The Ratio Test states that for a series \(\sum a_k\), the limit as \(k\to\infty\) of \(\left|\frac{a_{k+1}}{a_k}\right|\) can be used to determine the series' convergence. If the limit is less than 1, the series converges; if the limit is greater than 1, the series diverges; and if the limit equals 1, the test is inconclusive. Let \(a_k = (2x)^k\) for our given power series. Then, we will find the limit as \(k \to \infty\) of \(\left|\frac{a_{k+1}}{a_k}\right|\): $$\lim_{k\to\infty} \left|\frac{(2x)^{k+1}}{(2x)^k}\right| = \lim_{k\to\infty} \left|\frac{2x(2x)^k}{(2x)^k}\right| = |2x|$$ Now we want the limit to be less than 1 for convergence: $$|2x| < 1$$ Solving for x, we get the following: $$-\frac{1}{2} < x < \frac{1}{2}$$ The radius of convergence is half the length of this interval, which is \(\frac{1}{2}\).

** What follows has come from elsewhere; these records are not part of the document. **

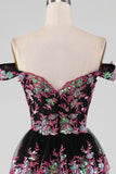 Sparkly Black Pink Tiered Lace A-Line Long Prom Dress with Slit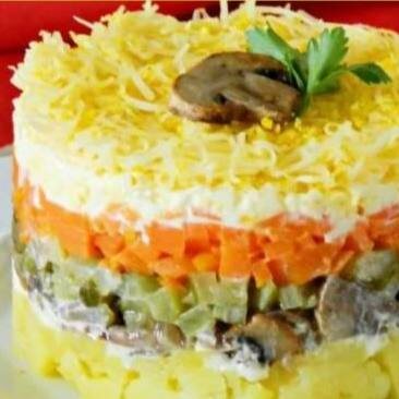 Салат "Семеновна" — это действительно простой, очень вкусный и сытный салат, который давно стал классикой на домашних застольях. Его главные плюсы — это доступные ингредиенты и потрясающее сочетание текстур и вкусов. Этот вариант можно назвать основным. Он идеально сбалансирован. · Куриное филе (или окорочка) — 1-2 шт. (около 300-400 г) · Шампиньоны свежие — 300 гр · Лук репчатый — 1 крупная головка · Яйца — 4-5 шт. · Сыр твердый (русский, голландский) — 200 г · Огурцы маринованные или соленые — 3-4 шт. (около 200 г) · Майонез — по вкусу (для прослойки) · Масло растительное — для жарки · Соль, перец черный молотый — по вкусу 1. Подготовка ингредиентов: · Курицу: Отварить в подсоленной воде до готовности (около 20-25 минут после закипания). Остудить и нарезать мелким кубиком. Можно обжарить филе до золотистой корочки, так будет даже вкуснее. · Грибы с луком: Лук нарезать мелким кубиком. Грибы промыть и также нарезать пластинками или кубиком. На сковороде разогреть масло, обжарить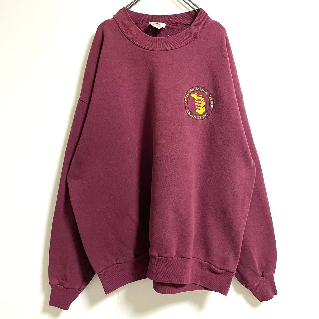 古着 used JERZEES ジャージーズ 長袖ワンポイントロゴ刺スウェット トレーナー ワインレッド えんじ色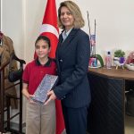 İlçe Milli Eğitim Müdürü Tuba Sinan, makamında ağırladığı Zeynep’i duyarlı davranışından dolayı tebrik ederek teşekkür etti ve kendisine hediye takdiminde bulundu.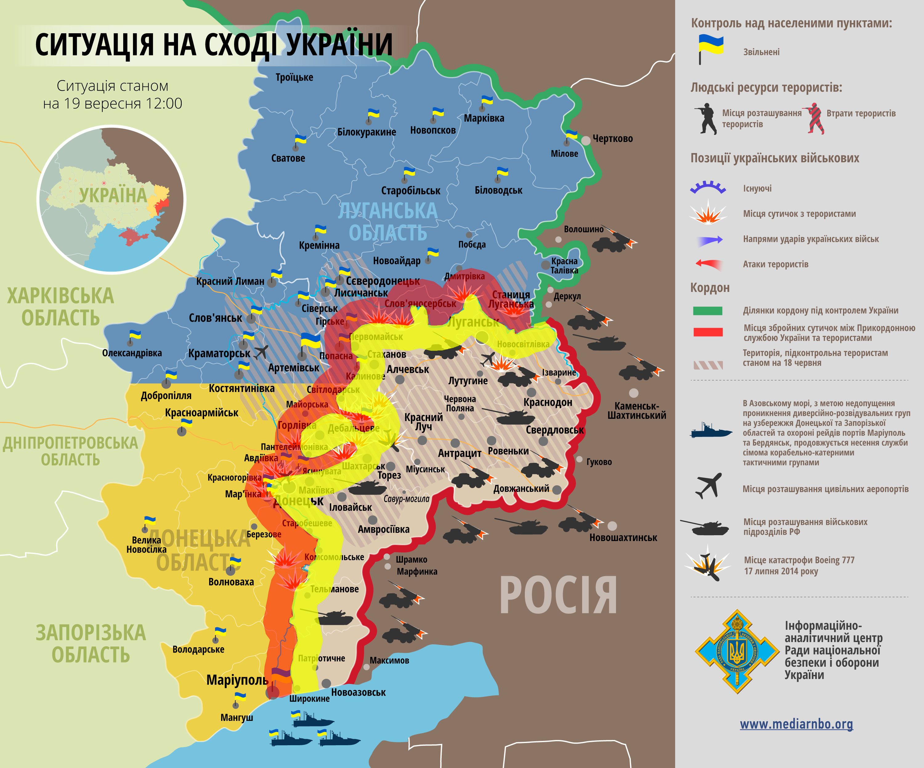 В СНБО уже зафиксировали неспешный отвод техники боевиков за границу буферной зоны, скорее всего, боевики все же планируют выполнить положения Меморандума и перейти к реализации Мирного плана. Но 19 сентября территория, занятая сторонами, по данным СНБО, скорее всего не может удовлетворить боевиков. Особенно в вопросе аэропорту Донецка, о чем красноречиво свидетельствуют непрерывные атаки противника. Также, сложная ситуация остается у Мариуполя, который может превратиться в передовой форпост.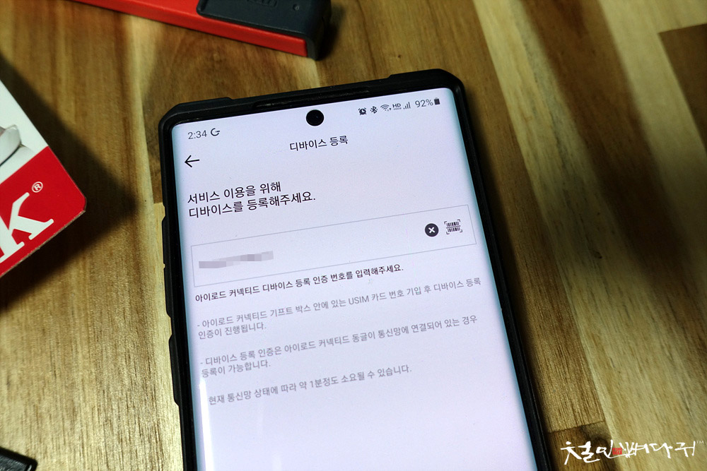 박스 안에 LG U+ 유심칩이 들어있고, 꽂아서 등록을 하면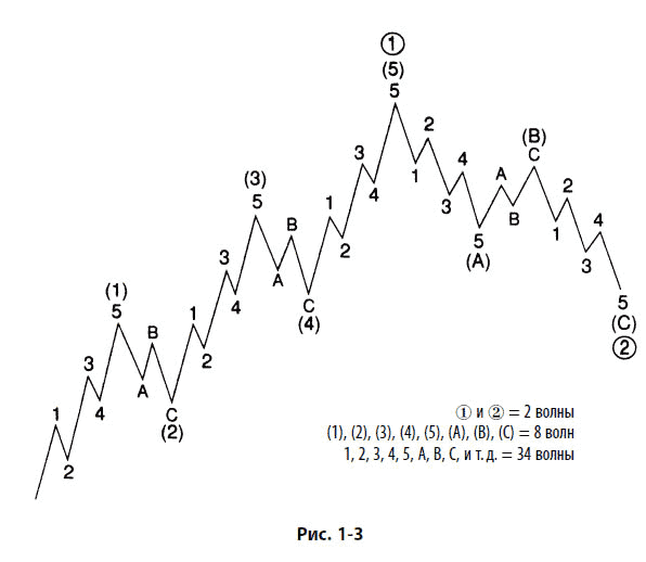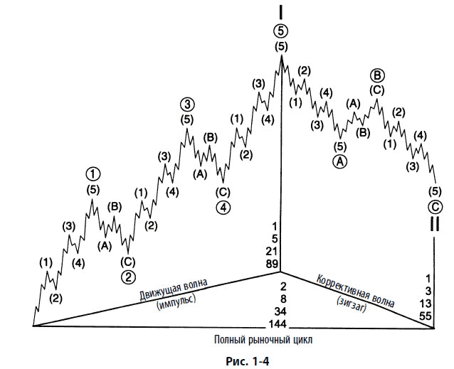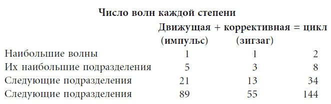 Связь формы, степени и относительного направления показана на рис. 1–4. Эта иллюстрация отражает общий принцип: в любом рыночном цикле волны будут подразделяться так, как показано в таблице.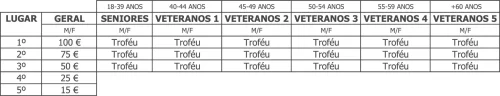 Os prémios monetários individuais serão atribuídos aos participantes da classificação Geral Masculina e Feminina. Seniores Masculino e Feminino e, Veteranos 1, 2, 3, 4 e 5, Masculinos e Femininos, atribuição de troféu.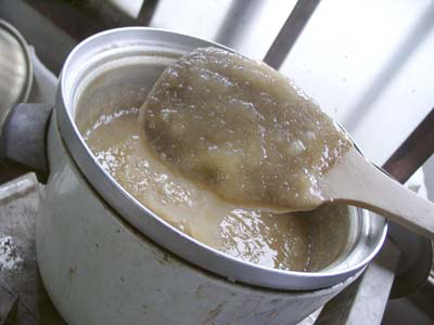 じっくりと炊き上げ程よい加減になれば糊こしおけでうらごしします。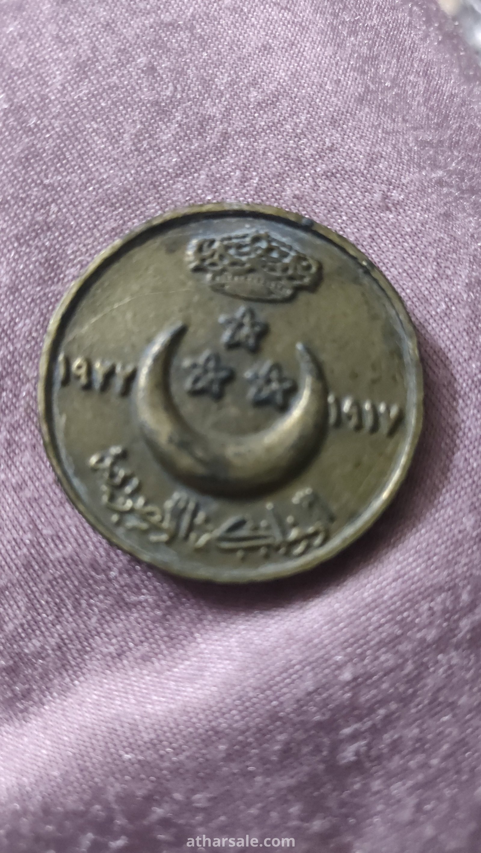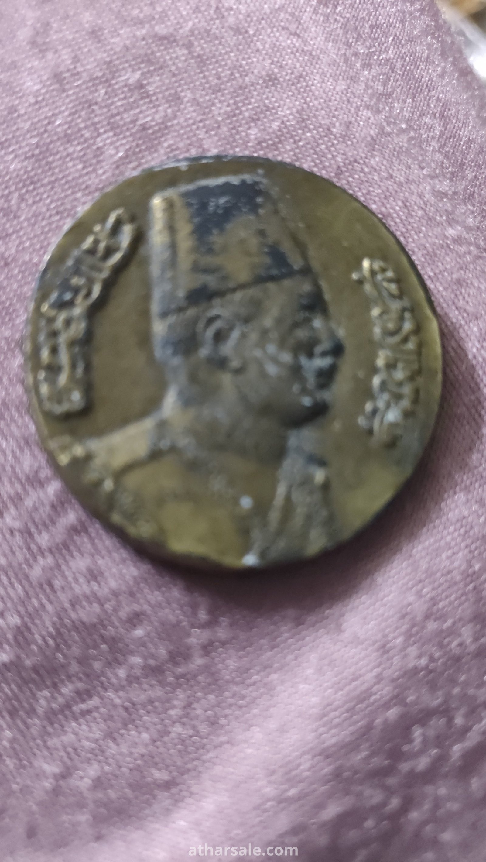 هذه قلادة أو عملة تذكارية مصرية نادرة من البرونز، تعود لعام 1917 وتخلد ذكرى تولي الملك فؤاد الأول الحكم.

We will now test the endpoints to determine the interval of convergence. The endpoints are \(x = -\frac{1}{2}\) and \(x = \frac{1}{2}\). 1. Check the endpoint \(x = -\frac{1}{2}\): $$\sum(2(-\frac{1}{2}))^k = \sum (-1)^k$$ This is an alternating series that does not approach zero as \(k \to \infty\). Therefore, it diverges by the Divergence Test. 2. Check the endpoint \(x = \frac{1}{2}\): $$\sum(2(\frac{1}{2}))^k = \sum 1^k = \sum 1$$ This is a series of constant terms, which diverges.

Having analyzed the endpoints, we can now state the interval of convergence for the original power series. Since neither endpoint resulted in a convergent series, we have: $$-\frac{1}{2} < x < \frac{1}{2}$$ The interval of convergence is \((-\frac{1}{2}, \frac{1}{2})\), and the radius of convergence is \(\frac{1}{2}\).